This mechanism allows the mayors in the country to receive loans this year from privatization proceeds, registered with the Treasury, to an amount of 800 million lei. In March, when this regulation was adopted, the limit was set at 500 million lei. These funds can be used to ensure pre-financing and / or co-financing of projects financed by non-repayable external funds, including ineligible expenditure related to projects.
The government justifies its decision by responding to the request of the Romanian Association of Municipalities, led by Robert Negoita, and by stimulating the attractiveness of European funds for financing local infrastructure projects: sewers, schools, hospitals, roads.
Loans are provided at a fixed interest rate for the entire duration, calculated according to ROBOR at 3 months, communicated by the National Bank of Romania on the last working day of the month prior to the approval of the loan, increased by a margin, depending on the term of the loans. Interest rates are reduced by 0.5 percentage points compared to the March decision.
The margin is set as follows:
- 1.5 percentage points for maturities up to and including 3 years;
- 2.0 percentage points for maturities between 3 and 5 years inclusive;
- 2.5 percentage points for maturities between 5 and 10 years inclusive;
- 3.0 percentage points for maturities between 10 and 20 years inclusive.

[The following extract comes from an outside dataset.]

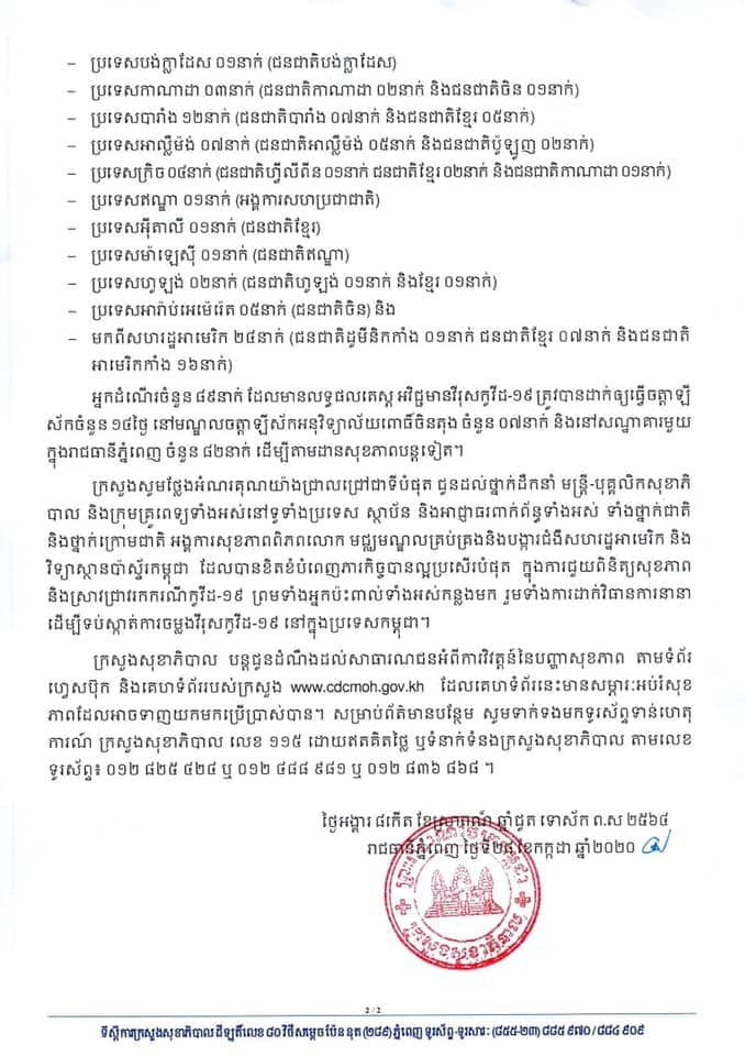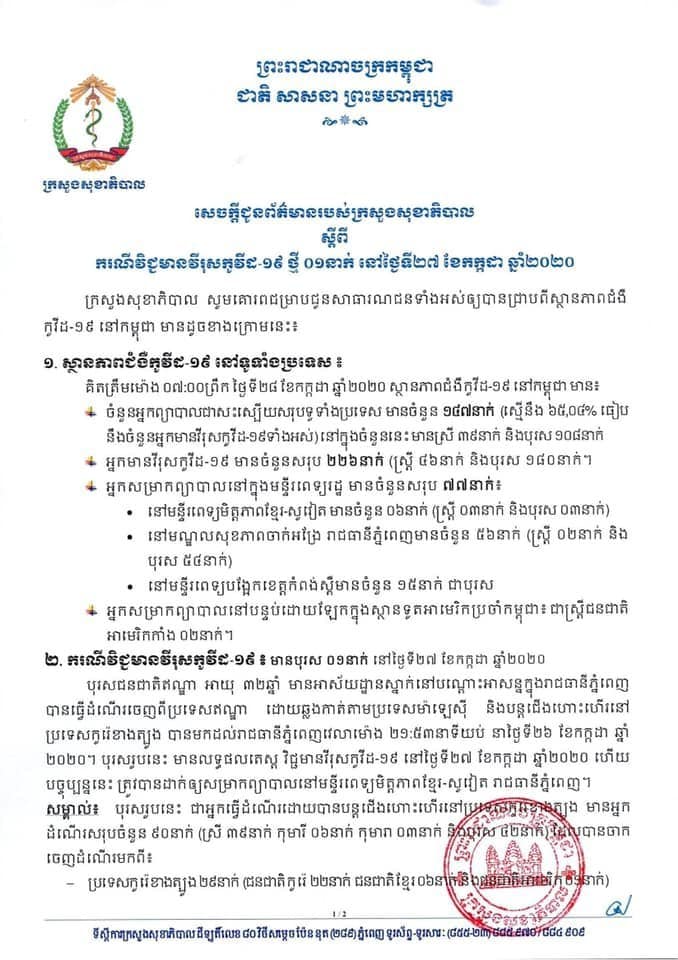 ភ្នំពេញ ៖ ក្រសួងសុខាភិបាលកម្ពុជា បានជូនដំណឹងនៅថ្ងៃទី២៧ ខែកក្កដា ឆ្នាំ២០២០ នេះថា បានរកឃើញករណីវិជ្ជមានវីរុសកូវីដ-១៩ ថ្មី មួយករណីទៀតលើអ្នកដំណើរបុរសជនជាតិឥណ្ឌា ម្នាក់ ដែលធ្វើដំណើរមកពីប្រទេសឥណ្ឌា ឆ្លងកាត់ប្រទេសម៉ាឡេស៊ី និងបន្តជើងហោះហើរទៅប្រទេសកូរ៉េខាងត្បូង រួចបន្តមកកម្ពុជា នៅថ្ងៃទី២៦ ខែកក្កដា កន្លងមកនេះ ៖

The repayment period is determined on the basis of the term of the loan, with the possibility of early, partial or full repayment. The reimbursement will take place in equal quarterly installments from the quarter following the grant. The interest is calculated monthly by applying the interest rate to the loan balance from the date of the loan and is paid quarterly, up to the cumulative amount. The deadline for submitting documents is November 29, 2018.
Town Houses can submit their documentation to the regional public finance directorates / County Public Finance Administrations, which are sent to the local loan authorization committee.
In addition, municipalities that their employees can not pay because they have increased their lows, but whose budget has a surplus, can use that money to cover the difference.